# WMP 11 full screen



## absolutezero1287 (May 23, 2007)

I like watching my movies in full screen with WMP but it has this ugly lime green border that distracts you from the movie/video. Is there anyway to change this?


----------



## LeathalGeek (Jun 21, 2007)

you could probably re-skin the looks of it to whatever suits you


----------



## Couriant (Mar 26, 2002)

I've never seen a green border. Is it with all videos, including DVDs if you have a player?


----------



## kath100 (Aug 20, 2003)

Right click on the upper border of WMP then work through the menu as shown in the screen shot...


----------



## absolutezero1287 (May 23, 2007)

That only worked for changing the color of the actual player. It changed the color of the buttons. I'm running Windows Vista. It's the Media Player that Vista brings that has this booger green border.


----------



## Couriant (Mar 26, 2002)

OK,

Go to Tools > Options > Performance tab. Uncheck Display Full Screen Control. That will remove the bars when in Full Screen.


----------



## absolutezero1287 (May 23, 2007)

Didn't work either. I tried to change the border color (even though it was already black) and it changed the color of the player in normal mode but not in fullscreen mode.


----------



## Couriant (Mar 26, 2002)

absolutezero1287 said:


> That only worked for changing the color of the actual player. It changed the color of the buttons. I'm running Windows Vista. It's the Media Player that Vista brings that has this booger green border.
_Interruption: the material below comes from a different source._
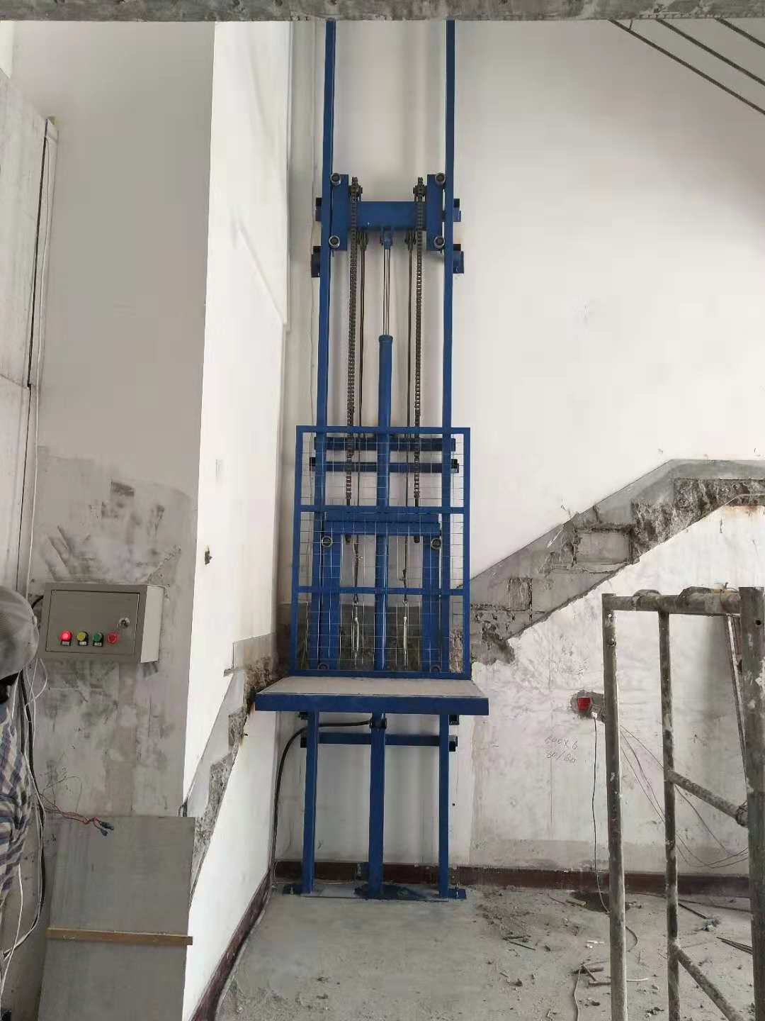 導(dǎo)軌式液壓升降機(jī)主要是有建筑物或輕型鋼結(jié)構(gòu)所圍成的封閉式或網(wǎng)狀式井道并用液壓驅(qū)動(dòng)油缸頂升平臺(tái)。其主要組成部分為:

That's the widescreen bars... I would think its a codec thing, or perhaps that's how your video card/computer shows it. I have vista and no green bars on my 16:9 video.


----------



## absolutezero1287 (May 23, 2007)

I'm not sure if it's a codec thing. I've got the latest DirectX codec and all my AVIs play fine. Except for the green border. My video card is an Intel 82845g it's not able to play high end games but for viewing videos I haven't had any problems...except for the green border. But if it is a video card problem than why is it only happening in Windows Media Player?


----------



## Couriant (Mar 26, 2002)

well if it is just WMP then it is a WMP problem. I just don't know what because I don't have that problem.

But it has to do with the Widescreen video.


----------



## absolutezero1287 (May 23, 2007)

I don't use WMP anymore. VLC's the one for me


----------



## mazumbado9 (Aug 16, 2007)

Ok i don't know if you managed to solve the problem, but here's how I solved it in my case:
My WMP is in spanish, but you have to go to a tab that's probably labeled "Performance" and at the very bottom you'll find an option to change the frame color. Hope that helps.


----------



## Fuith (Aug 20, 2007)

Right-click on the top of WMP. Go to Tools -> Options. Click on the performance tab, click on Advanced at the bottom. On the right hand side there's an option to change border colour, this should work.


----------